Polecam tą czcionkę.

p.s. Można zmienić kododowanie napisów na iso8859-2 - też działa i można używać czcionek linuksowych.

----------

## Tommm

u mnie problem nadal istnieje - skopiowałem arial.ttf z windowsów, ustawiłem w ten sposób:

http://members.lycos.co.uk/tn2/m1.png

http://members.lycos.co.uk/tn2/m2.png

i zamiast polskich liter mam "_"  :Sad: 

(a wcześniej fedora nie miała z tym problemu)

potem dopisałem jeszcze do /etc/mplayer.conf to co Cechor napisał (oczywiście zmieniając ścieżkę do czcionki) i też nic...

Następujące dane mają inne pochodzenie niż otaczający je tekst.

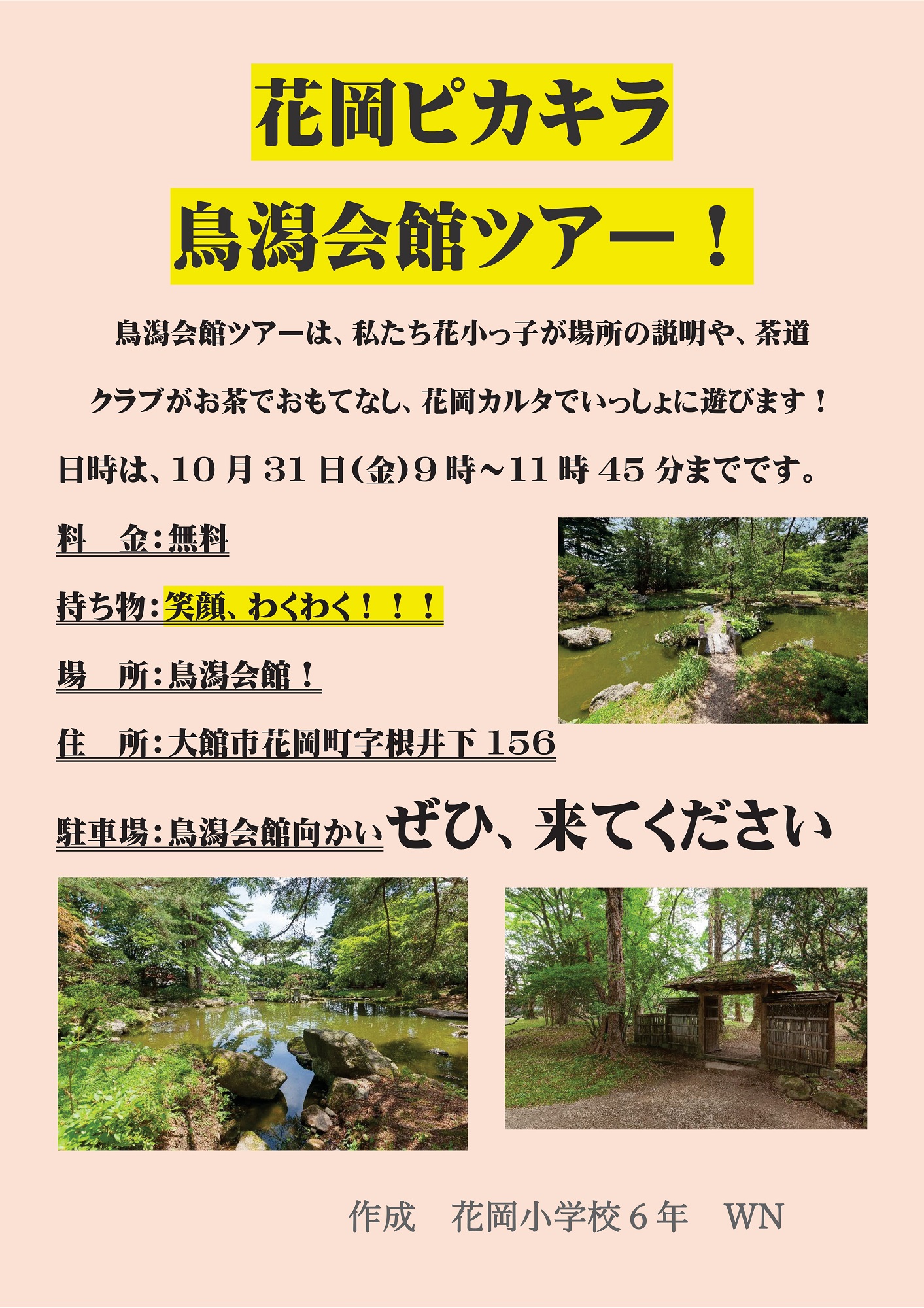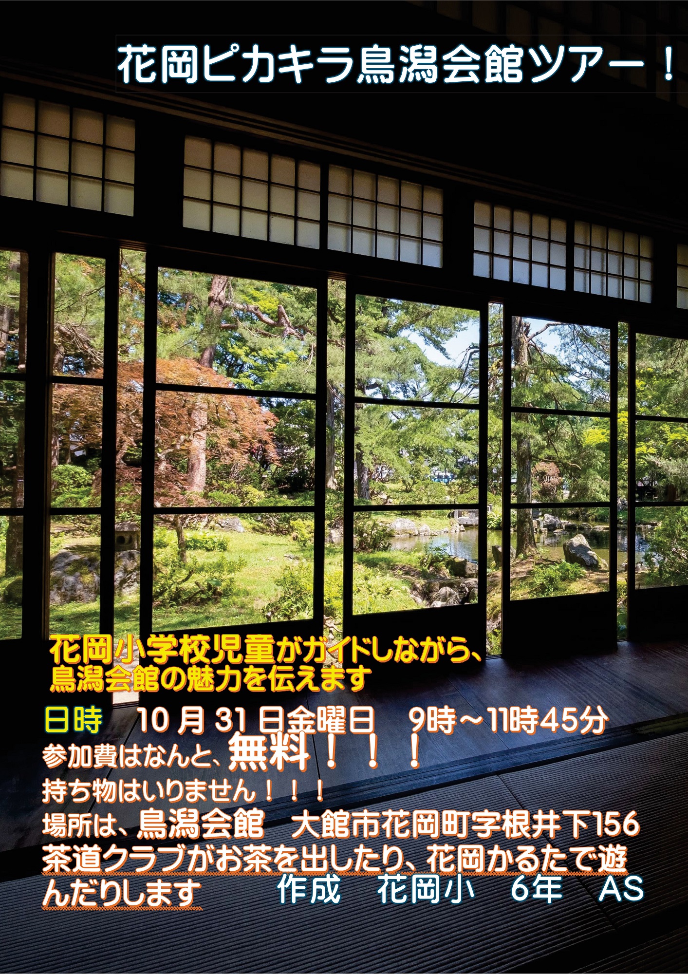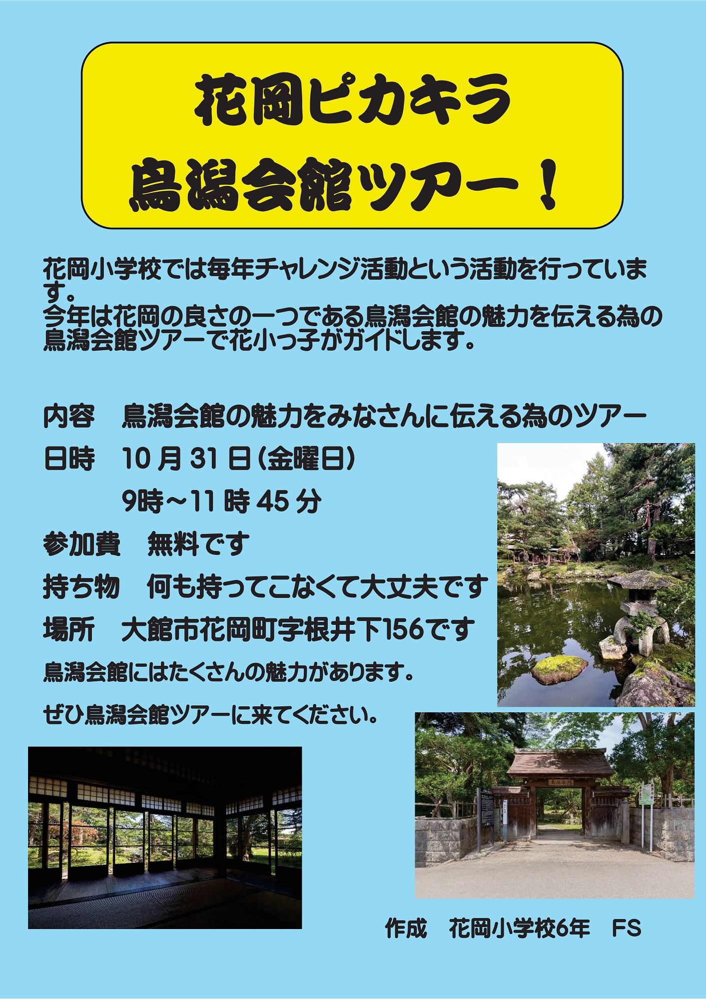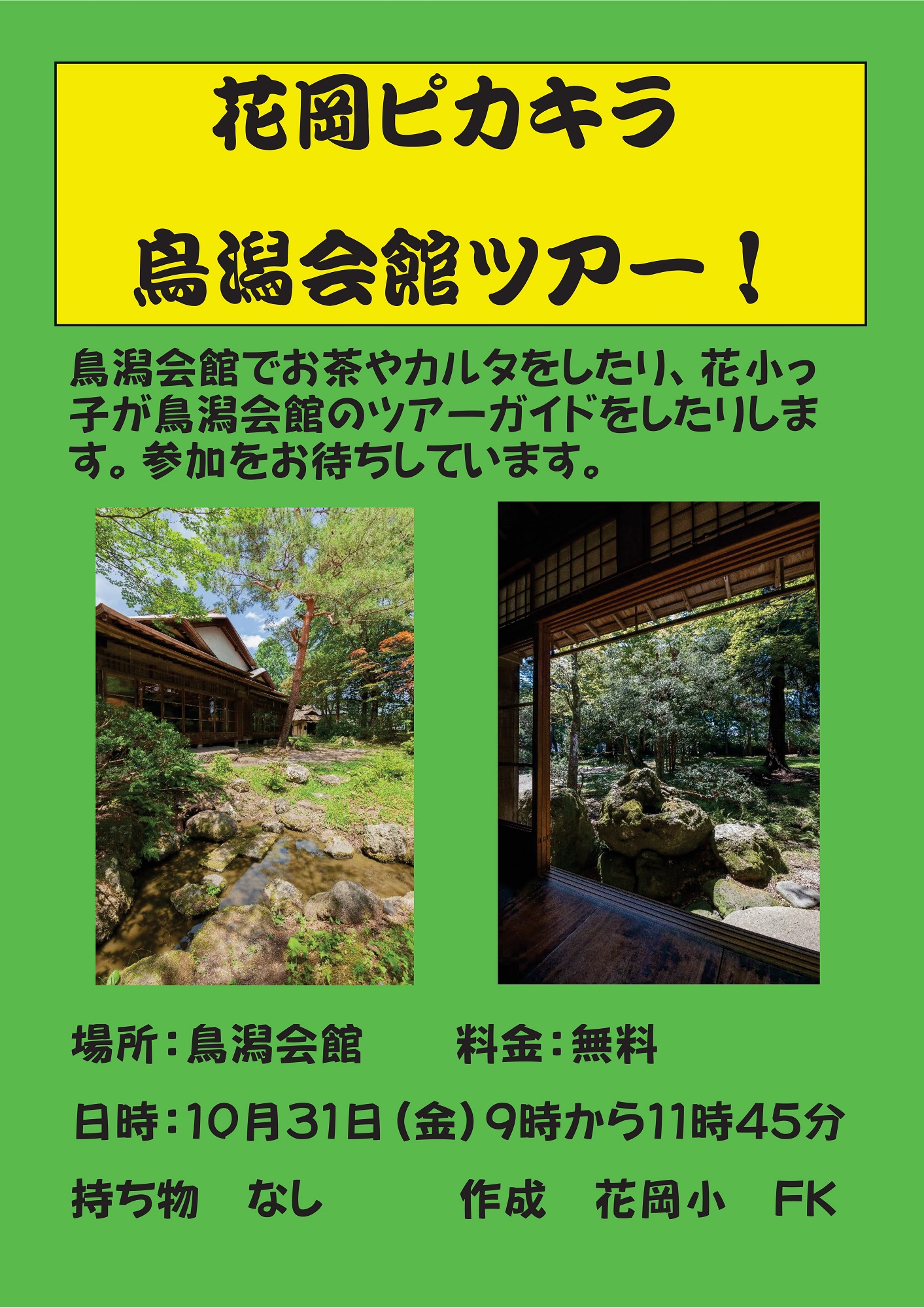 1日目の「花岡ピカキラ鳥潟会館ツアー!」は、花岡小学校児童が企画・運営するチャレンジ企画です。庭園や館内を児童がガイドし、呈茶サービス、花岡ふるさとカルタ体験を行います。PR動画も作成するなど、広報活動にも力を入れています。

może mi ktoś powiedzieć co robię źle?  :Sad: 

----------

## btower

 *Tommm wrote:*   

> u mnie problem nadal istnieje - skopiowałem arial.ttf z windowsów, ustawiłem w ten sposób:
> 
> http://members.lycos.co.uk/tn2/m1.png
> 
> http://members.lycos.co.uk/tn2/m2.png
> ...

 

Skąd masz mozliwosc ustrawienia kodowania 1250? 

Ja mam najnowsza stabilna wersje z portage i nie mam takiej mozliwosci.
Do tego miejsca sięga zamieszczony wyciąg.